How to translate Promise code to async await

I have some simple Promise in js:
let link = "https://jsonplaceholder.typicode.com/posts/1";
fetch(link)
.then(response => response.json())
.then(data => console.log(data))
.catch(error => console.error(error));
... and I want to translate it to 'async await' like here:
const API_ENDPOINT = 'https://jsonplaceholder.typicode.com/posts/1';
const fetchUsers = async () => {
const response = await fetch(API_ENDPOINT);
const data = await response.json();
};
... but I don't know how involve it in 'async await' correctly.

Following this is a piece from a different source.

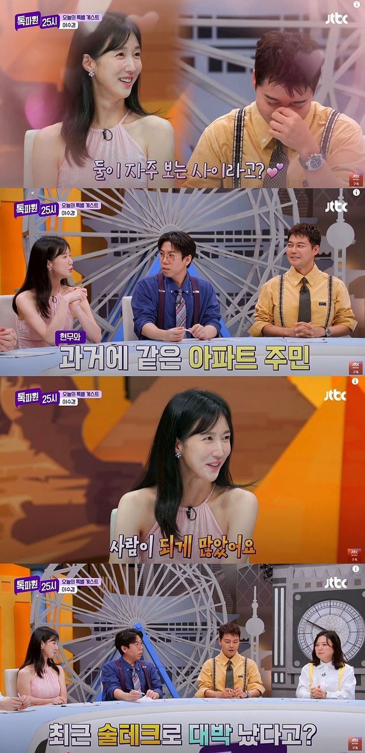 [서울=뉴시스]배우이수경이지난1일방송한JTBC예능프로그램'톡파원25시'에게스트로출연했다.(사진=JTBC'톡파원25시'캡처)[email protected]*재판매및DB금지[서울=뉴시스]신지아인턴기자=배우이수경이방송인전현무와자주봤던사이라고말했다.그는지난1일방송한JTBC예능프로그램'톡파원25시'에게스트로출연했다.오프닝에서김숙이"전현무와한때자주봤던사이였냐"고하자이수경은"옛날에같은아파트에살아서이웃주민이었다"고답했다.이수경은"만나서밥도먹고차도마셨다"고덧붙였다.이에김숙이"단둘이서만그랬냐"고묻자이수경은"사람이되게많았다"고했다.전현무는"모임이름이'금이야옥이야'였다"며"금호동,옥수동모여라라는뜻"이라고말했다.이수경은최근'술테크'로대박이났다는기사에대해"원래마시려고샀던술가격이10배로비싸졌다"고했다.그는"나중에정말좋을때먹으려고그냥놔두고있다"고말했다.☞공감언론뉴시스[email protected]©뉴시스.무단전재및재배포금지.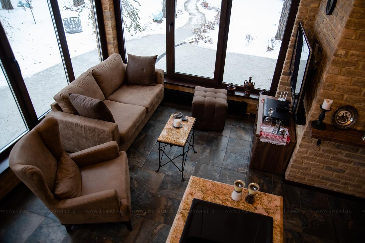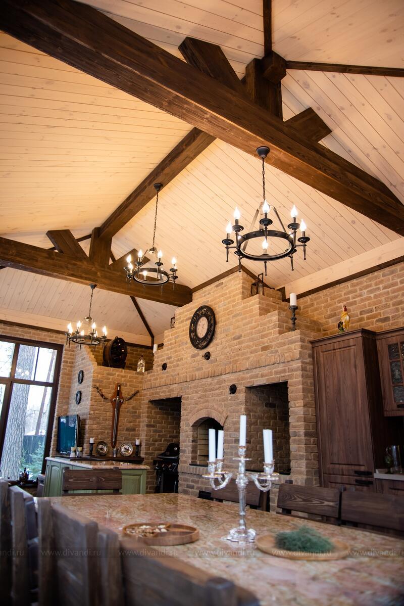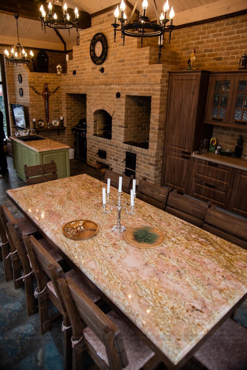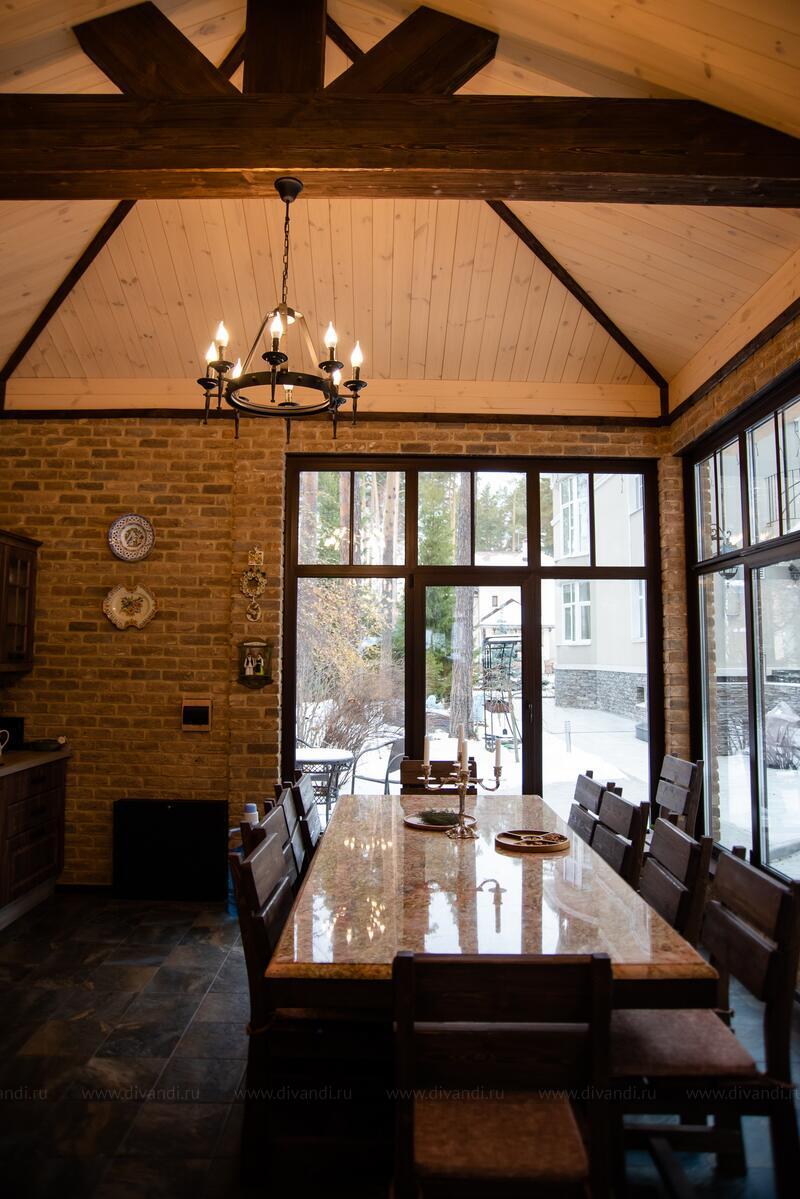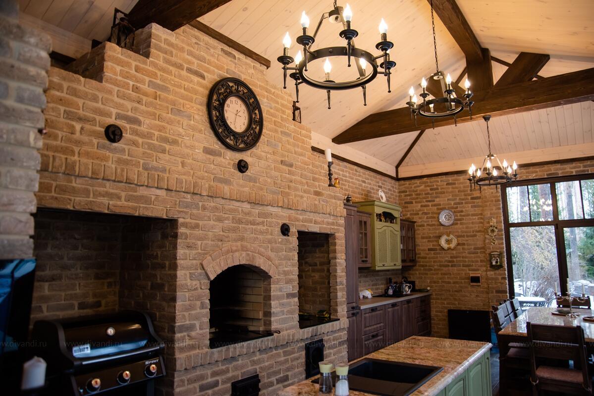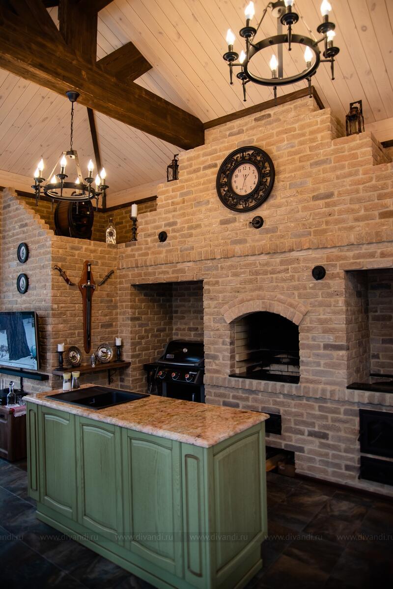 Постройка используется в качестве летней кухни или теплой беседки, в которой можно отдыхать даже при холодных осенних температурах.

This involving gives error:
fetchUsers()
.then(response => response.json())
.then (data => console.log(data))
.catch(error => console.error(`ERROR ${error}`));
Can you help me fix this error?
const API_ENDPOINT = 'https://jsonplaceholder.typicode.com/posts/1';
const fetchUsers = async () => {
const response = await fetch(API_ENDPOINT);
const data = await response.json();
console.log(data);
};
Your code is working prefectly Just call fetchUsers() and It will print data through this line console.log(data);
You can't use await keyword outside the async type function
Read this -
An async function can contain an await expression that pauses the
execution of the async function and waits for the passed Promise's
resolution, and then resumes the async function's execution and
returns the resolved value.
Remember, the await keyword is only valid inside async functions. If
you use it outside of an async function's body, you will get a
SyntaxError.
Two problems here;
You don't return anything from your async function
You apply response.json() twice.
Just corect the code as;
const API_ENDPOINT = 'https://jsonplaceholder.typicode.com/posts/1',
fetchUsers = async () => { var response = await fetch(API_ENDPOINT);
return await response.json();
};
fetchUsers().then (data => console.log(data))
.catch(error => console.error(`ERROR ${error}`));
Async functions must be functions. So, you need to create a function to do that.
MDN says:
The async function declaration defines an asynchronous function, which returns an AsyncFunction object.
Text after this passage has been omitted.